Red Cross attributes program changes to lack of volunteers

PORT HAWKESBURY: An equipment loan program offered by the Canadian Red Cross will no longer be offered through a local business.

The Canadian Red Cross announced on May 14 that it is changing their Health Equipment Loan Program (HELP) service in Port Hawkesbury that provides free, short-term loans of wheelchairs, walkers, crutches, commodes, bath-transfer seats and other mobility aids for people recovering from injury, illness or surgery.

Since 2014, HELP items could be both picked up and returned to a depot inside The Medicine Shoppe pharmacy on Reeves Street in Port Hawkesbury, thanks to space donated by pharmacist Michael Hatt and supported by volunteers. Effective immediately, the Red Cross said equipment can no longer be picked up from the Port Hawkesbury location but can still be returned there.

Dan Bedell, communications director, Atlantic with the Canadian Red Cross explained their depots are geographically spread across the province, usually located in areas with a regional hospital, like Sydney or Antigonish.
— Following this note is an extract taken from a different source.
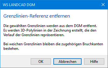 Vor dem Entfernen der Referenzen erscheint stets eine Sicherheitsabfrage, um versehentliches Entfernen zu verhindern und den Vorgang bzw. die Konsequenzen zu erläutern. Da bei der Entfernung der Referenz weicher Grenzlinien die Bruchkanten bestehen bleiben, verbleiben auch übernommene Punkte im TIN. |

“A little depot inside somebody’s business is not typically how these loans are done,” he noted. “A lot of times this equipment is loaned out for people who are recovering from surgery, or hospitalization for some other reason. Often they pick up this equipment upon discharge from hospital. There’d be less of that at the Strait-Richmond.”

All HELP loans for residents of Richmond, southern Inverness and Guysborough counties, as well as Antigonish County, will be issued from the Canadian Red Cross office at 36 Market Street in Antigonish, where the majority of loans were already being processed. The Red Cross will transport items that are still returned to the Port Hawkesbury depot back to Antigonish, thanks to funding support from the Eastern Zone of the Nova Scotia Health Authority.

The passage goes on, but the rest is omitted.